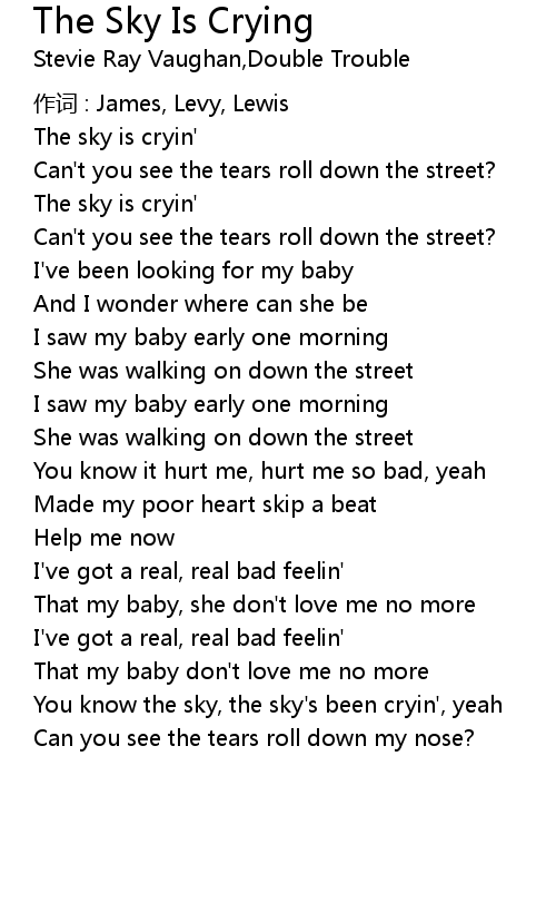 | You know the sky, the sky' s been cryin', yeah | |
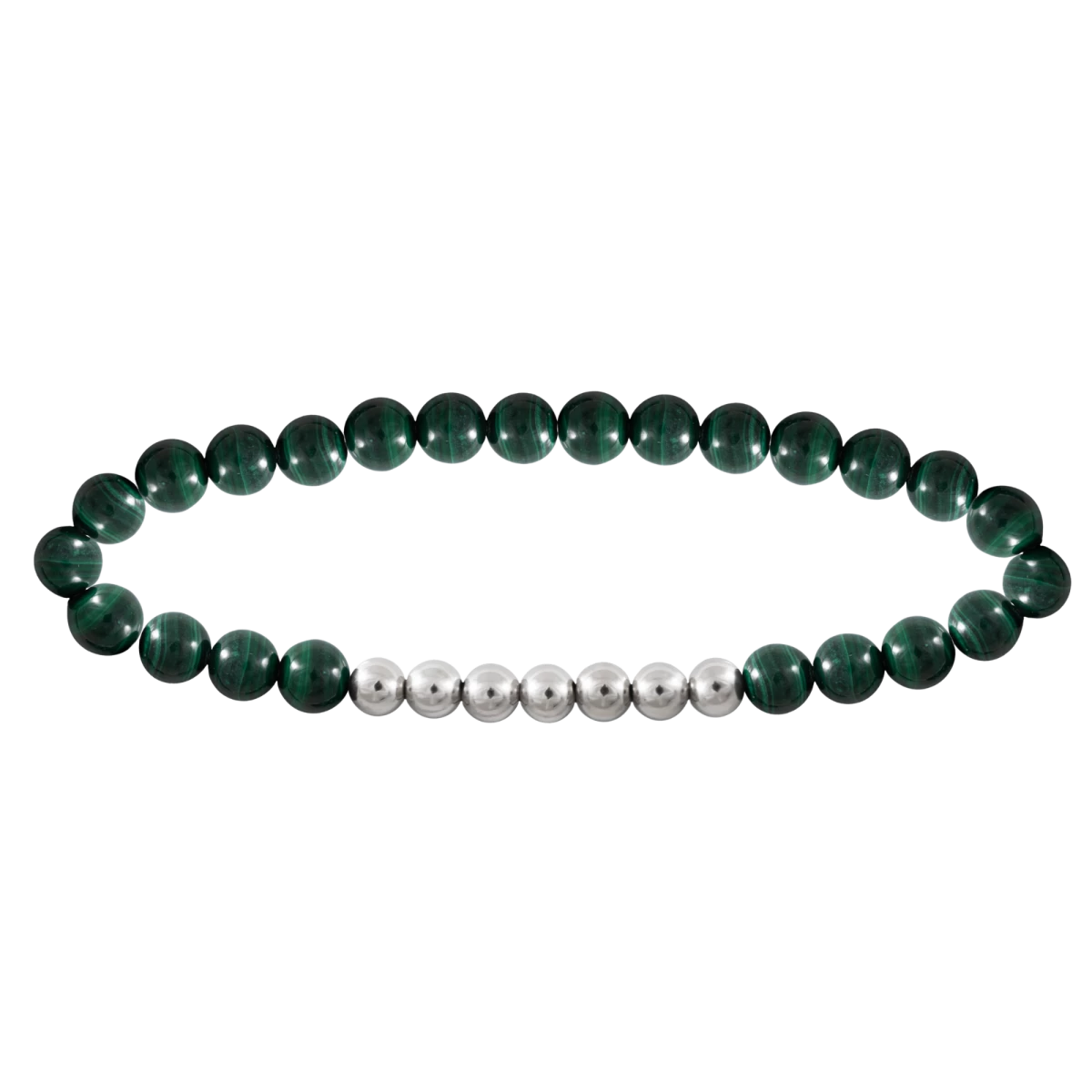 Ta kos iz kolekcije moških zapestnic pritegne pozornost s svojo globoko zeleno poudarjeno barvo in eleganco srebrnega tona. Za okrepitev učinkov malahita ga nosite na levem zapestju. Pomaga pri jasnosti, ustvarja ravnovesje in harmonijo ter nudi čustveno zdravljenje. Srebrne kroglice prekinjajo prevlado zelene barve in ustvarjajo popolno harmonijo.
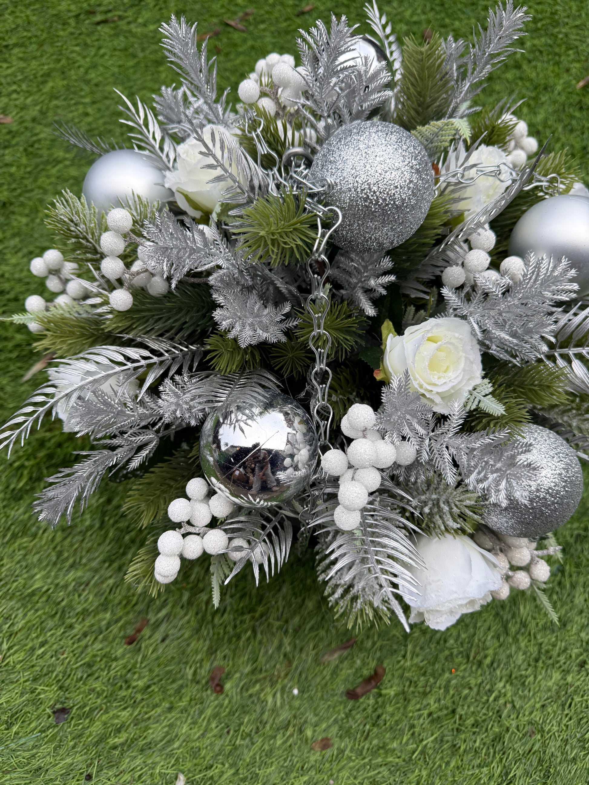 DESPATCH WITHIN 7 DAYS - 12inch ROUND WHITE SILVER WINTER TRADITIONAL CHRISTMAS HANGING BASKET
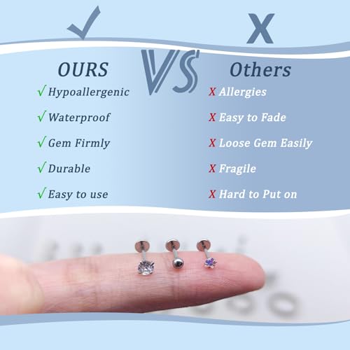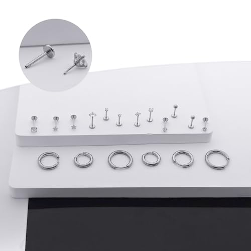 Material: Stainless SteelMetal type: Stainless SteelBack Finding: Flat BackEarring design: StudGem type: Cubic ZirconiaFlat Back Earrings for Women: Including 6 pairs tiny stude arrings and 3 pairs small hoop earrings.Multipack earring to match your ears flexibly,Wear these flat back stud earrings and hoop earrings alone or with other earrings will either be great,Multipack earring to match your ears flexibly.Hypoallergenic Surgical Steel Earrings: jagosen flat back earrings made of hypoallergenic 316L surgical steel,frinedly for sensitive ears,no rust and tarnish,long lasting color retention,shiny on your ears.Tips:If the stud earrings fall out easily,You can bend the pin then put into the bar.Tragus Piercing Jewelry Size: Stud 0.8mm (20 gauge), Diamonds: 2mm (0.08 in) / 3mm (0.12 in) / 4mm (0.16 in), Bar Length:6mm (0.23in) / 7mm (0.27in) / 8mm (0.3in), jagosen surgical steel earrings are available in a wide range of sizes, including ball studs, star studs, pentagonal diamond studs, and three pairs of different sizes of cubic zirconia studs. earrings and three pairs of cubic zirconia studs in different sizes.Cartilage Earrings for Women: Small Hoops:8mm (0.32in), Medium Hoops: 10mm (0.39in), Big Hoops:12mm(0.47in). Hypoallergenic gold hoop cartilage earrings kit easy to put on and take off.ideal choice for people who have many ear piercings.About Us:Thank you for choosing JAGOSE Jewelry, if you have any questions after receiving the product, please reach out to us. We will reply you in time and give you a satisfactory answer to provide you with a pleasant shopping experience. Perfect for everyday use. first-class materials and excellent craftsmanship ensure long-lasting durability.
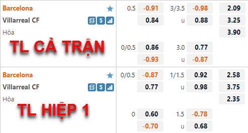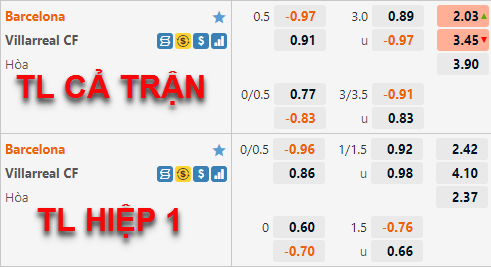 Tham khảo: Villarreal +1/4 Hiệp 1
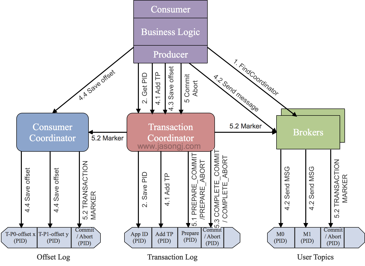 InitpidRequestto TC, gets PID (producer ID), TC will record<TransactionalId,pid>to Transaction Log, state infromation (e.g.Empty/Ongoing/PrepareCommit/PrepareAbort/CompleteCommit/CompleteAbort/Dead) is also included - Commit/Abort non-completed tasks
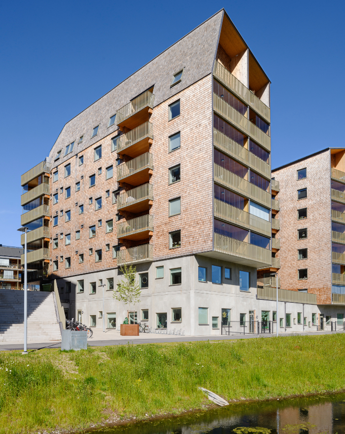 Ett typexempel på fördelarna med träbyggnation. Estetiskt tilltalande arkitektur kombinerat med miljötänk i ett paket som andas god stadsplanering och hållbarhet. Ett landmärke längst Trummens strand som kommer att glädja både förbipasserande och boende i många år framöver.
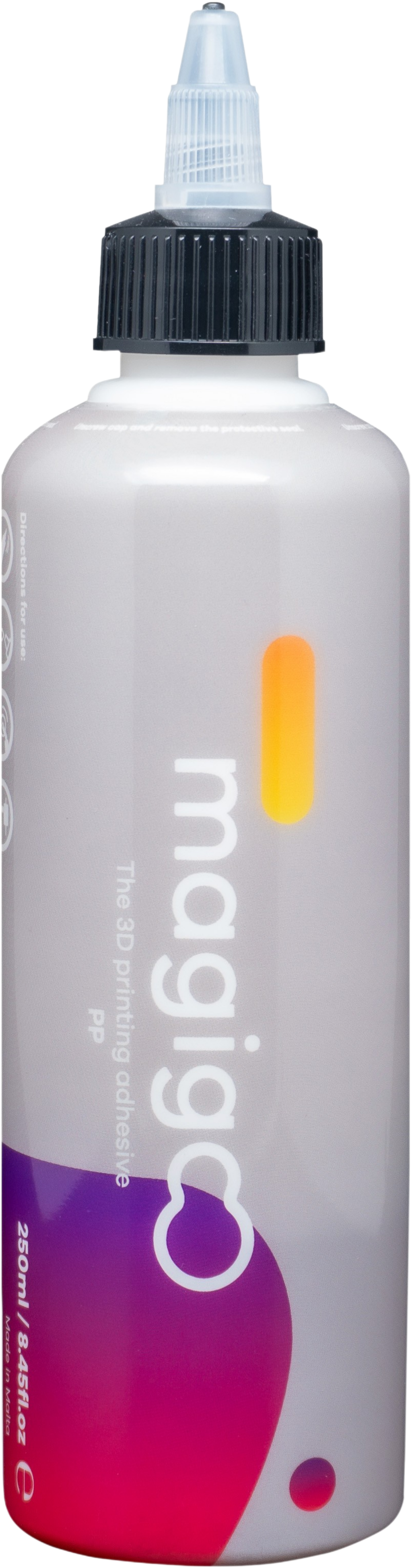 Magigoo Glide PP es un adhesivo para lecho de impresión altamente especializado de la serie Pro, desarrollado específicamente para la impresión de filamentos de polipropileno (PP) y materiales compuestos a base de PP. El polipropileno es uno de los materiales técnicos más difíciles en la impresión FDM, ya que su superficie extremadamente apolar y su marcado comportamiento de contracción hacen casi imposible una adhesión fiable a las placas de impresión convencionales.

Prompt - The lines to be transcribed are those from the first line of the data above through the line holding "Tham khảo: Villarreal +1/4 Hiệp 1", inclusive; copy them exactly and only, leaving out the pictures.

Result below -
 | You know the sky, the sky' s been cryin', yeah | |
 Ta kos iz kolekcije moških zapestnic pritegne pozornost s svojo globoko zeleno poudarjeno barvo in eleganco srebrnega tona. Za okrepitev učinkov malahita ga nosite na levem zapestju. Pomaga pri jasnosti, ustvarja ravnovesje in harmonijo ter nudi čustveno zdravljenje. Srebrne kroglice prekinjajo prevlado zelene barve in ustvarjajo popolno harmonijo.
 DESPATCH WITHIN 7 DAYS - 12inch ROUND WHITE SILVER WINTER TRADITIONAL CHRISTMAS HANGING BASKET
 Material: Stainless SteelMetal type: Stainless SteelBack Finding: Flat BackEarring design: StudGem type: Cubic ZirconiaFlat Back Earrings for Women: Including 6 pairs tiny stude arrings and 3 pairs small hoop earrings.Multipack earring to match your ears flexibly,Wear these flat back stud earrings and hoop earrings alone or with other earrings will either be great,Multipack earring to match your ears flexibly.Hypoallergenic Surgical Steel Earrings: jagosen flat back earrings made of hypoallergenic 316L surgical steel,frinedly for sensitive ears,no rust and tarnish,long lasting color retention,shiny on your ears.Tips:If the stud earrings fall out easily,You can bend the pin then put into the bar.Tragus Piercing Jewelry Size: Stud 0.8mm (20 gauge), Diamonds: 2mm (0.08 in) / 3mm (0.12 in) / 4mm (0.16 in), Bar Length:6mm (0.23in) / 7mm (0.27in) / 8mm (0.3in), jagosen surgical steel earrings are available in a wide range of sizes, including ball studs, star studs, pentagonal diamond studs, and three pairs of different sizes of cubic zirconia studs. earrings and three pairs of cubic zirconia studs in different sizes.Cartilage Earrings for Women: Small Hoops:8mm (0.32in), Medium Hoops: 10mm (0.39in), Big Hoops:12mm(0.47in). Hypoallergenic gold hoop cartilage earrings kit easy to put on and take off.ideal choice for people who have many ear piercings.About Us:Thank you for choosing JAGOSE Jewelry, if you have any questions after receiving the product, please reach out to us. We will reply you in time and give you a satisfactory answer to provide you with a pleasant shopping experience. Perfect for everyday use. first-class materials and excellent craftsmanship ensure long-lasting durability.
 Tham khảo: Villarreal +1/4 Hiệp 1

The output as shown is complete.